▸ **Work order**:
Only the pictures should be left out; write out all other data exactly.

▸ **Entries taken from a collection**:

#####

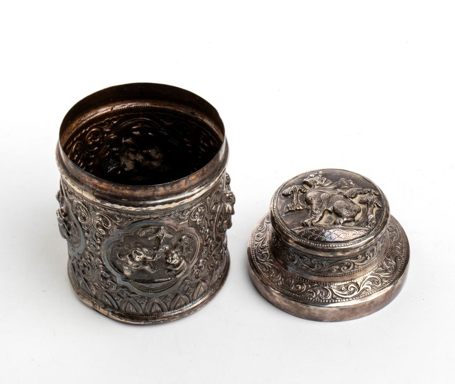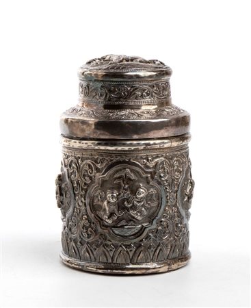 Barattolo birmano in argento XIX secolo Altezza x diametro: 11,8 x 7,4 cm. Peso 152 gr
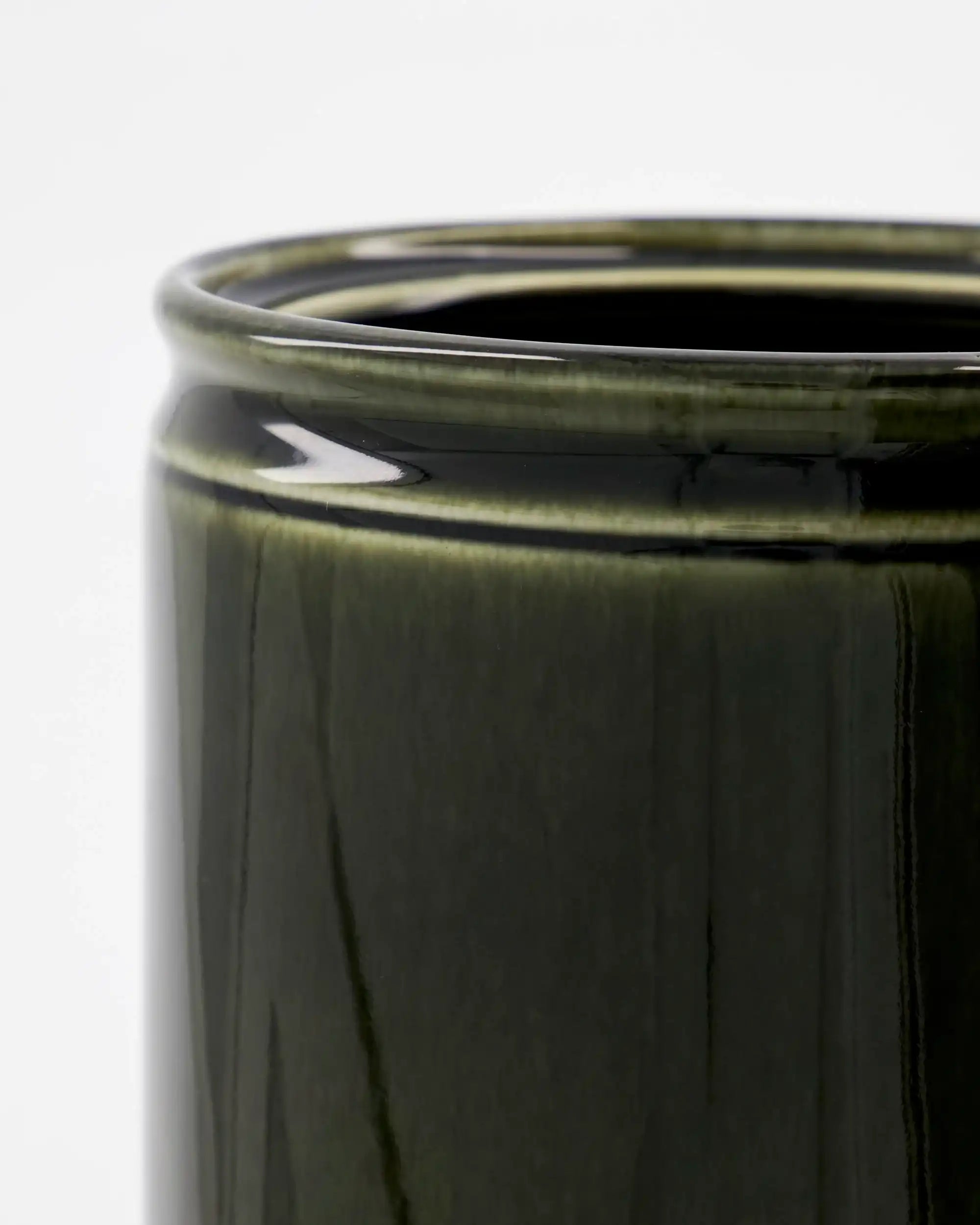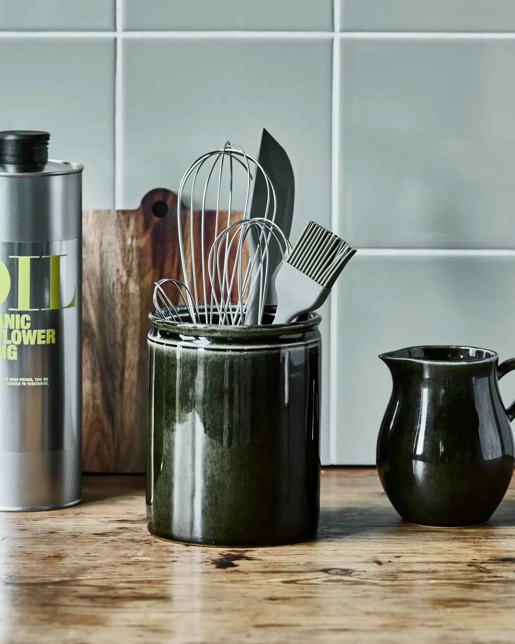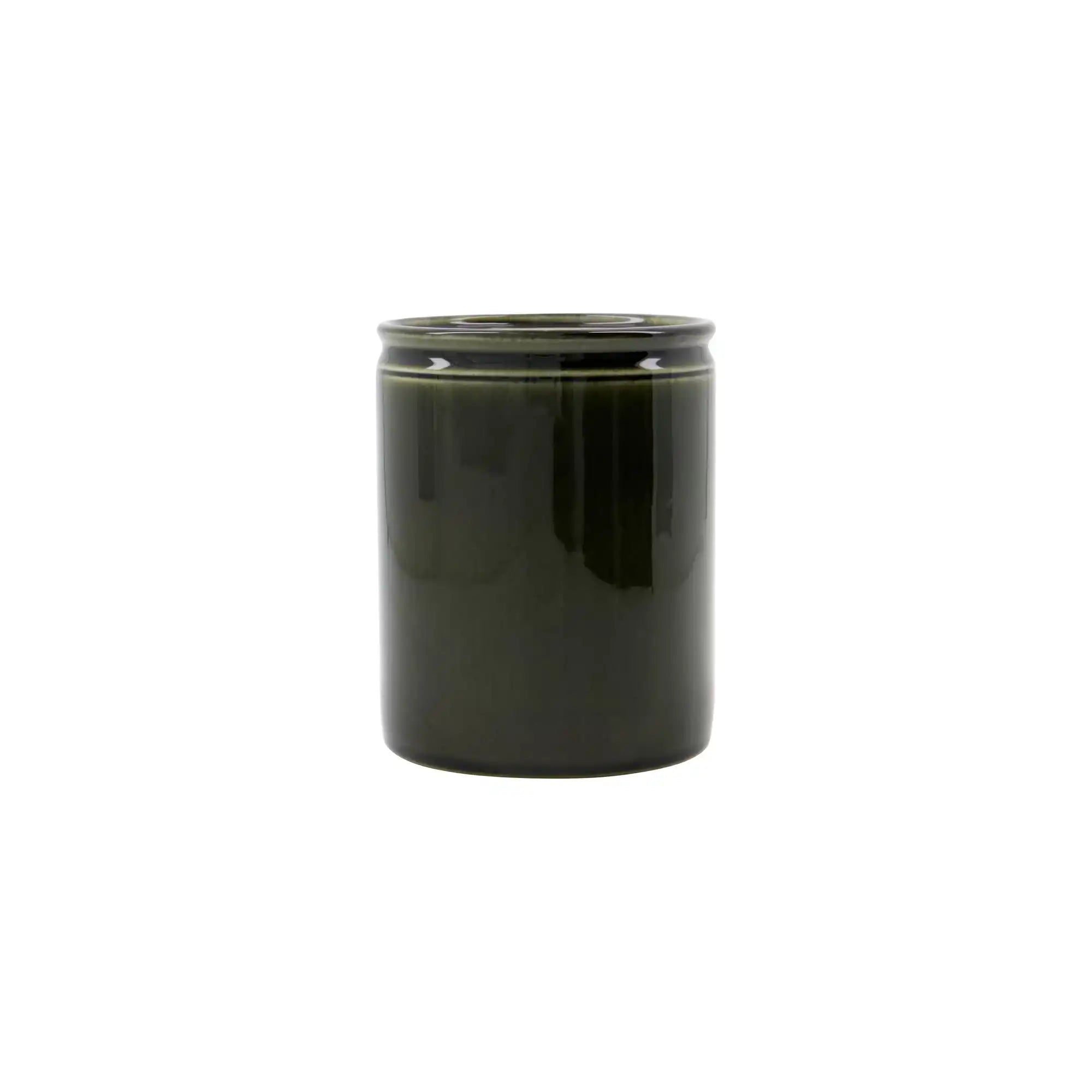 Dieser Topf besteht aus robustem Steingut und ist mit einer glänzend grünen Beschichtung versehen. Dank der zylindrischen Form und einer Höhe von 14 cm bietet er ausreichend Platz für Pfannenwender, Schneebesen oder Holzlöffel. Mit einem Durchmesser von 11 cm nimmt er dennoch wenig Platz auf der Arbeitsfläche ein.
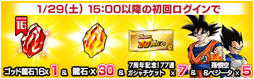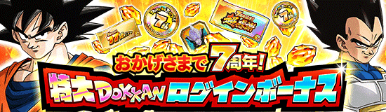 「おかげさまで7周年!特大ドッカンログインボーナス 」が開催中! 期間中の初回ログインで「龍石」や「77連ガシャチケット」などの豪華報酬に加え、【闘志に満ちた挑戦】孫悟空&ベジータが仲間になるぞ! さらに、毎日のログインボーナスで「龍石」や「7周年コイン」、「記念ガシャチケット」と豪華報酬が獲得できるぞ! 毎日欠かさずログインして豪華報酬をGETしよう!
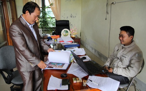 | Lãnh đạo xã đang xem lại cuốn ca-ta-lo “Lễ khởi công” hoành tráng diễn ra vào ngày 24/7, nhưng rồi đã không diễn ra. |
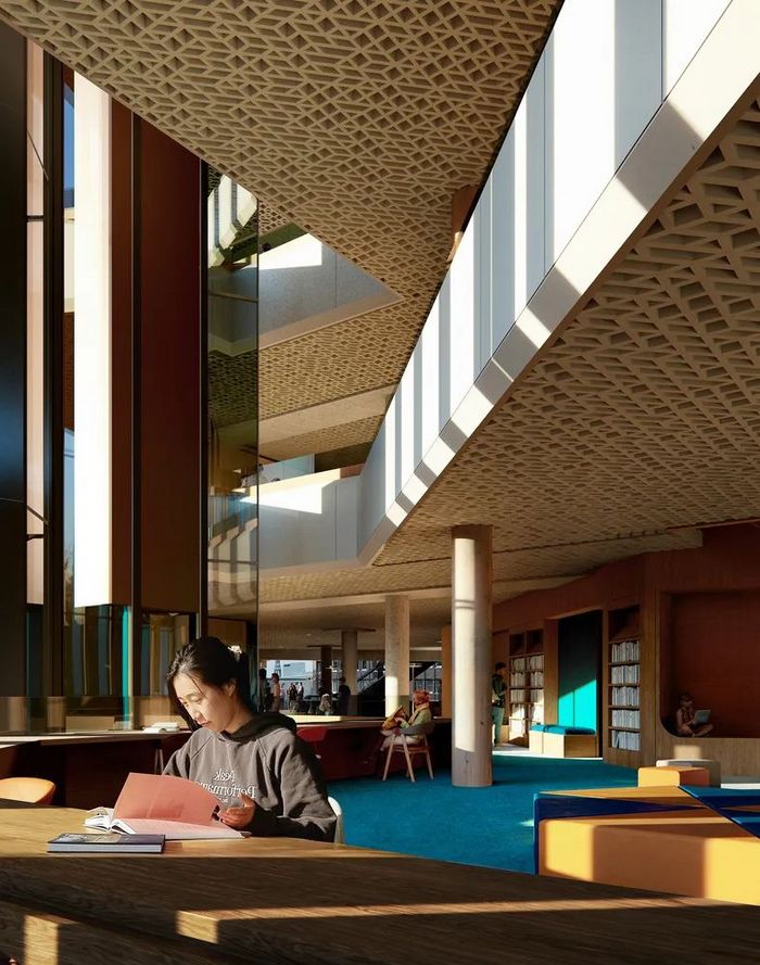 為了實(shí)現可持續發(fā)展理念,并保留城市記憶,該項目為圖書(shū)館打造了一個(gè)“城市客廳”,使其符合當代的可持續性和循環(huán)標準。設計引入了一個(gè)巨大的玻璃“瀑布”,可以展示出內部交通空間,并將光線(xiàn)引入中庭。
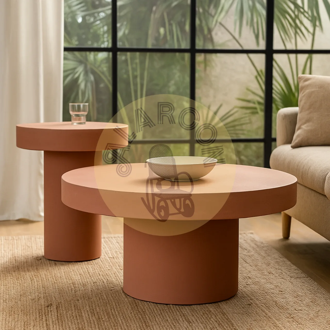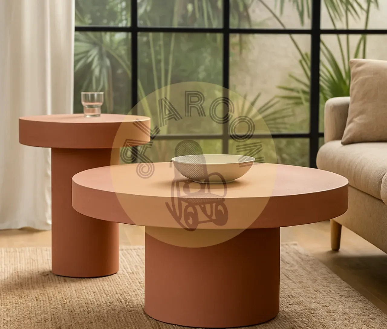 Con un diseño moderno y líneas minimalistas, esta mesa de centro redonda en cemento GFRC combina resistencia y elegancia en un acabado terracota que aporta calidez a cualquier espacio. Su estructura sólida garantiza durabilidad, tanto en ambientes interiores como exteriores.
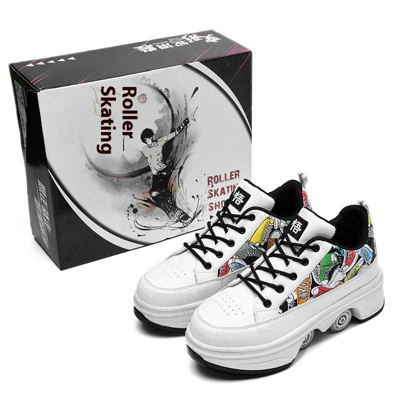 Direct Walking Shoes Deformation Shoes Four-wheel Dual-purpose Roller Skates Double Row Walking Shoes Roller Skates

#####

▸ **Answer to the exercise**:
 Barattolo birmano in argento XIX secolo Altezza x diametro: 11,8 x 7,4 cm. Peso 152 gr
 Dieser Topf besteht aus robustem Steingut und ist mit einer glänzend grünen Beschichtung versehen. Dank der zylindrischen Form und einer Höhe von 14 cm bietet er ausreichend Platz für Pfannenwender, Schneebesen oder Holzlöffel. Mit einem Durchmesser von 11 cm nimmt er dennoch wenig Platz auf der Arbeitsfläche ein.
 「おかげさまで7周年!特大ドッカンログインボーナス 」が開催中! 期間中の初回ログインで「龍石」や「77連ガシャチケット」などの豪華報酬に加え、【闘志に満ちた挑戦】孫悟空&ベジータが仲間になるぞ! さらに、毎日のログインボーナスで「龍石」や「7周年コイン」、「記念ガシャチケット」と豪華報酬が獲得できるぞ! 毎日欠かさずログインして豪華報酬をGETしよう!
 | Lãnh đạo xã đang xem lại cuốn ca-ta-lo “Lễ khởi công” hoành tráng diễn ra vào ngày 24/7, nhưng rồi đã không diễn ra. |
 為了實(shí)現可持續發(fā)展理念,并保留城市記憶,該項目為圖書(shū)館打造了一個(gè)“城市客廳”,使其符合當代的可持續性和循環(huán)標準。設計引入了一個(gè)巨大的玻璃“瀑布”,可以展示出內部交通空間,并將光線(xiàn)引入中庭。
 Con un diseño moderno y líneas minimalistas, esta mesa de centro redonda en cemento GFRC combina resistencia y elegancia en un acabado terracota que aporta calidez a cualquier espacio. Su estructura sólida garantiza durabilidad, tanto en ambientes interiores como exteriores.
 Direct Walking Shoes Deformation Shoes Four-wheel Dual-purpose Roller Skates Double Row Walking Shoes Roller Skates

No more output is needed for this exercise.